Although these defaults exist to protect a Community Spouse, planning to take full advantage of them is complex. We recommend that you do so with the assistance of an Elder Law Attorney. If you would like to speak with our firm about an application for Georgia or Tennessee Medicaid, you can reach us at (706) 428-0888.
Separation and Divorce:
In some instances, separation or divorce are legitimate planning strategies. Although our prejudice is to keep families together, if the marriage is damaged and your family values allow you to consider either of these options, we can assist you in planning for either seperation or divorce. You should, however, keep in mind that certain benefits (e.g., spousal VA benefits) will be unavailable following a divorce.
Notes:
1. The term “assets” is defined at 42 U.S.C. § 1396p(e)(1). In this article, we are referring to countable assets or resources. The CSRA discussed in this article is comprised of countable assets.

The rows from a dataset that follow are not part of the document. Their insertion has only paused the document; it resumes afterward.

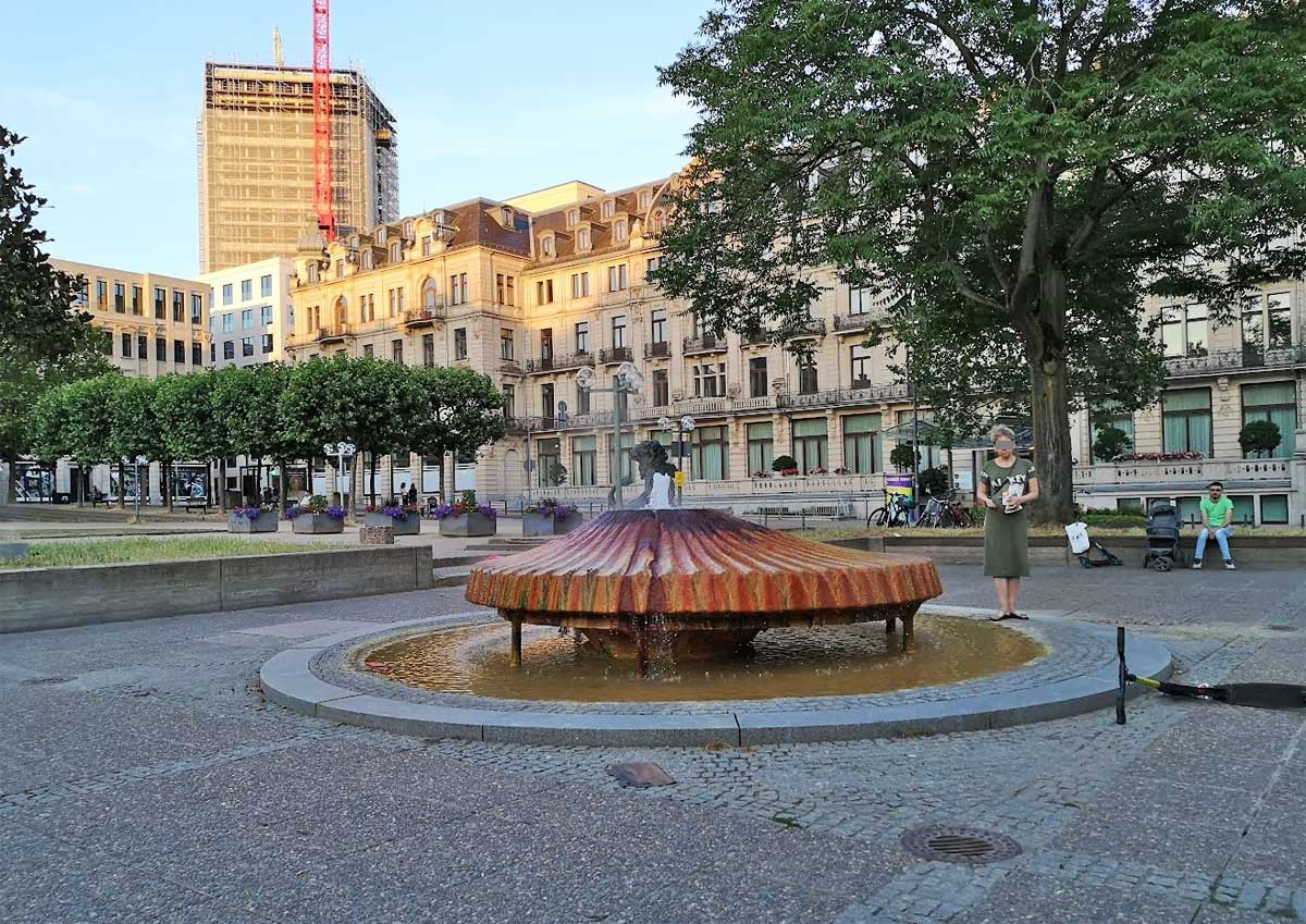 Stadtplanerisch bietet Wiesbaden Seltsamkeiten, z.B. in der Platzgestaltung. Wenn hier in Berlin Friedrichshain ein Platz gestaltet wird, finden vorher mehrere Veranstaltungen zur Bürgerbeteiligung statt – und aus den Vorschlägen machen die Planer/innen das Beste, was geht. In Wiesbaden stellt man offenbar einfach dies und jenes, was irgendjemand vorschlägt, mal eben so auf. So zum Beispiel am Kochbrunnen, ein sehr zentraler Platz in Wiesbadens City, zudem eine „Must-See-Sehenswürdigkeit“. Das ist der Kochbrunnen: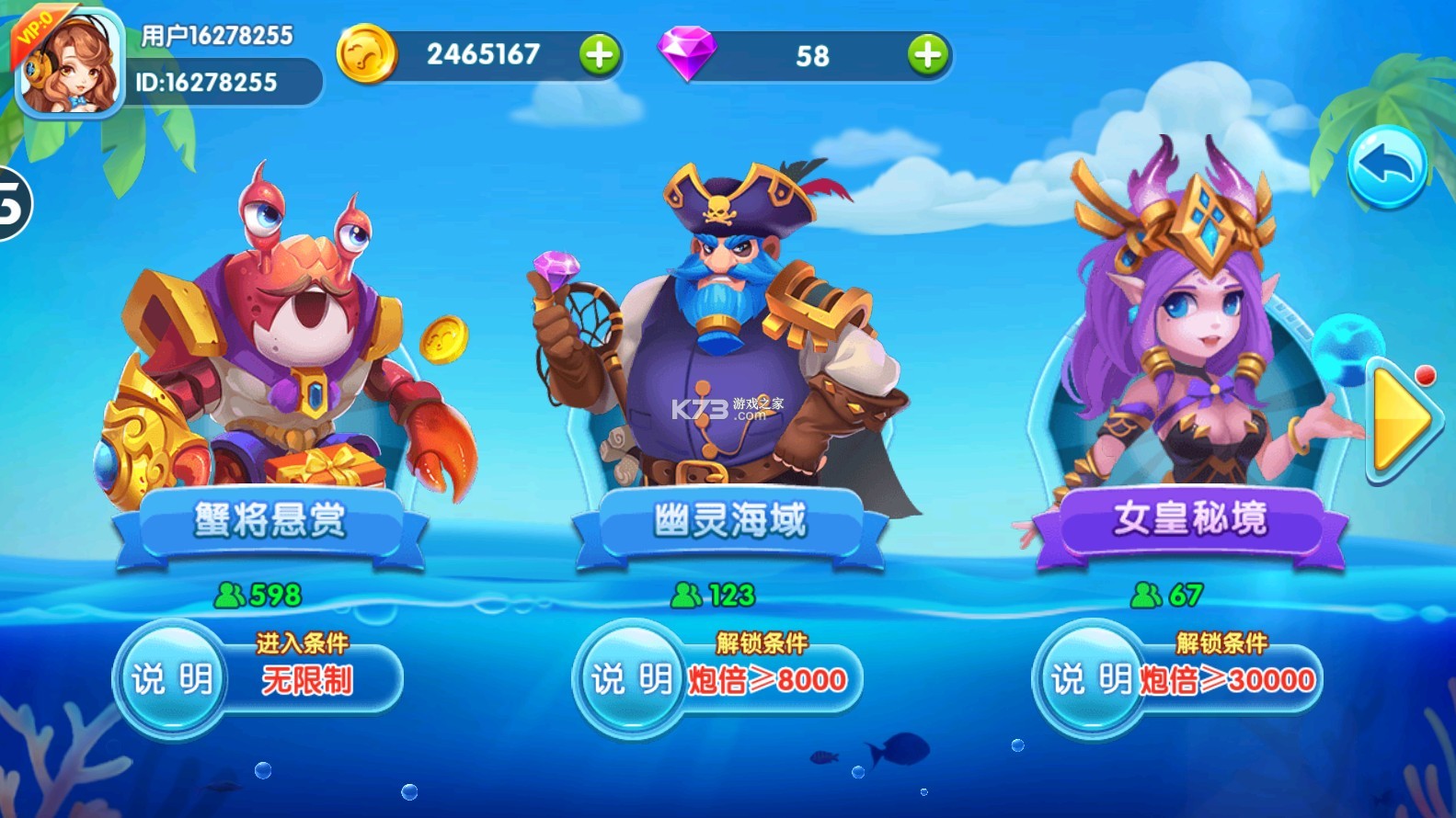 在比赛模式里面还可以进入到比赛专区,领取每日的福利,让您轻松获取奖励,尽情享受捕鱼的乐趣。不同的渔场提供各种玩法和挑战,让您不断迎接新的捕鱼挑战。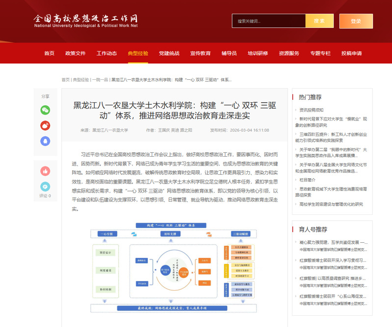 近日,全国高校思想政治工作网“典型经验一院一品”专栏刊发了《黑龙江八一农垦大学土木水利学院:构造“一心 双环 三驱动”体系,推进网络思想政治教育走深走实》。此案例由王国庆、吴迪、路之阳共同撰写,系统总结凝练了学院在网络思想政治教育方面的创新探索与实践成果。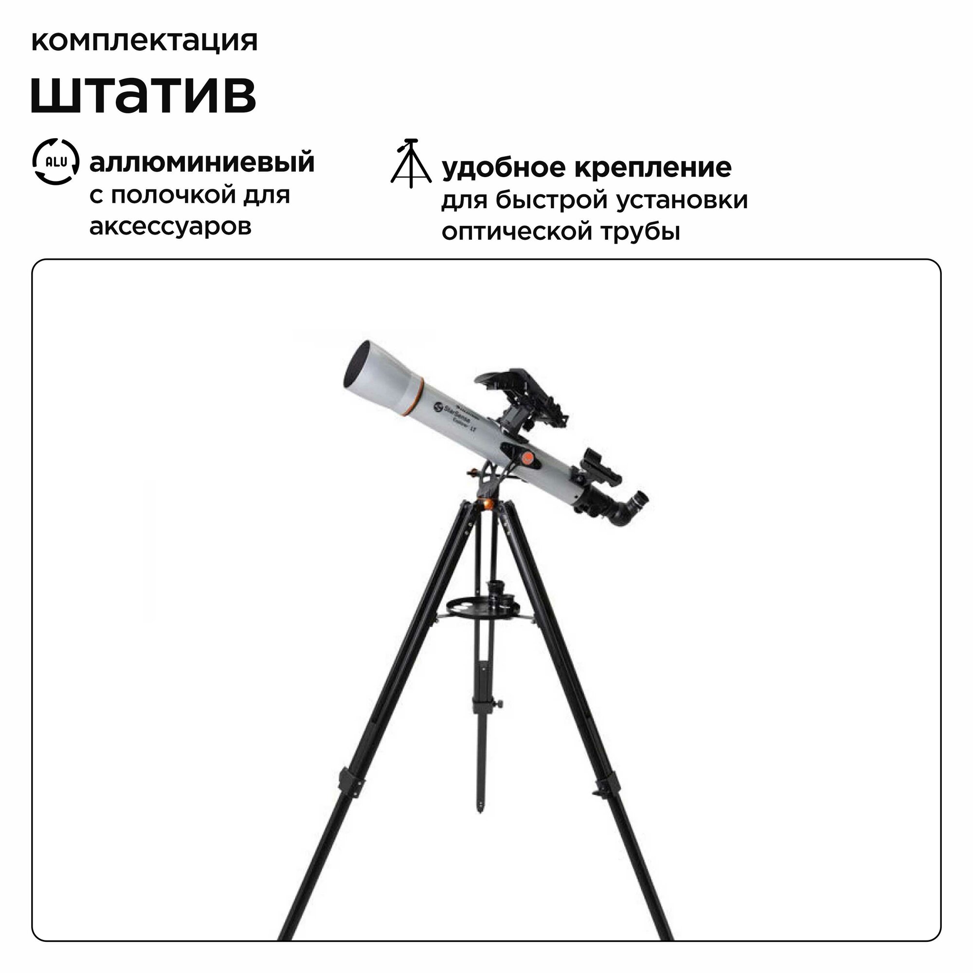 | Комплектация | Оптическая труба телескопа Азимутальная монтировка Алюминиевая тренога Лоток для аксессуаров Окуляры 25 мм и 10 мм Диагональная призма 90° Оптический искатель StarPointer Док-станция для смартфона StarSense Explorer Линза Барлоу 2х Инструкция по эксплуатации |

The Community Spouse will also retain all exempt assets. Exempt assets are defined at 42 U.S.C. § 1382b, which is incorporated by reference in 42 U.S.C. § 1396r-5(c)(5). Among others, a home and adjoining land, household goods, the value of any burial space, and property essential to self-support are excluded assets. See also 42 C.F.R. § 416.1201 to § 416.1239; State Medicaid Manual § 3260.1 (definition of “Countable Resources”).

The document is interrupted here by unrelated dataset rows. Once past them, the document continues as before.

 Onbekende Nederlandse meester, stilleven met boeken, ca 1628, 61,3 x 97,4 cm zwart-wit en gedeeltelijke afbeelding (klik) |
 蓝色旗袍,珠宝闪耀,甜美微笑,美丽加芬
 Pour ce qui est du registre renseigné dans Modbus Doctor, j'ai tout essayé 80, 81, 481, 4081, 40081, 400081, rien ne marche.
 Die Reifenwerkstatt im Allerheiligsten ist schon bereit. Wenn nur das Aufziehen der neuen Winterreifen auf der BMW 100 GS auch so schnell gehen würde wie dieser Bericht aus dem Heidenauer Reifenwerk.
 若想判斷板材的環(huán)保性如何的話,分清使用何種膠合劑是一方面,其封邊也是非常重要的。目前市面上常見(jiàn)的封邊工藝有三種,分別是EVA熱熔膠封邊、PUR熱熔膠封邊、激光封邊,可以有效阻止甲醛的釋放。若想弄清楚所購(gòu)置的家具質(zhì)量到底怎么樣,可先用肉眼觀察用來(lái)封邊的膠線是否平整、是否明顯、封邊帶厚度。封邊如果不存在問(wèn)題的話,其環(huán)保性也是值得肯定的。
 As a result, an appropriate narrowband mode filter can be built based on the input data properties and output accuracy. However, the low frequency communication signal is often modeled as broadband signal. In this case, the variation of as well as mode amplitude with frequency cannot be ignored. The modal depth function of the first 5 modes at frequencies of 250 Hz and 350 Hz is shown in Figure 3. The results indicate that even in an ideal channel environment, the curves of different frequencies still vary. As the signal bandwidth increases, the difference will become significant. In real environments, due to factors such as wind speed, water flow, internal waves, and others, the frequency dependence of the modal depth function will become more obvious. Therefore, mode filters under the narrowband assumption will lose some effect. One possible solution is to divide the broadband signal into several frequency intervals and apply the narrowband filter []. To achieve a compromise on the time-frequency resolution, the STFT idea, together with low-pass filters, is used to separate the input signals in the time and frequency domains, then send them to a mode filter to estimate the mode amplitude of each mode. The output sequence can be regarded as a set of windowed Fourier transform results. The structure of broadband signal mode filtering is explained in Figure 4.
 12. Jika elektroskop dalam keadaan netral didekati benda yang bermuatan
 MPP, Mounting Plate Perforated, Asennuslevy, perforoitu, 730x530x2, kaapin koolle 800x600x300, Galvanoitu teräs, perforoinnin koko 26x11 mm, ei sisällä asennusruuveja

2. [MCCA] shelters from diminution a standard amount of assets (called the “community spouse resource allowance.” Wisconsin Department of Health and Family Services v. Blumer, 534 U.S. 473, 478 (2002).
3. “For purposes of this pooling of resources, title, community property laws, or state laws regarding interspousal transfers are disregarded.” Regan et al., Tax, Estate & Financial Planning for the Elderly § 10.11[3] (Matthew Bender 2003).
4. See Johnson v. Guhl, 91 F.Supp.2d at 761.
5. A continuous period of institutionalization is 30 consecutive days in medical institutions and/or nursing facilities. State Medicaid Manual, CMS Publication 45, § 3260.1.
6. 42 U.S.C. § 1396r-5(g).
7. Johnson v. Guhl, 91 F.Supp.2d at 761. 8. Johnson v. Guhl, 166 F. Supp.2d at 47.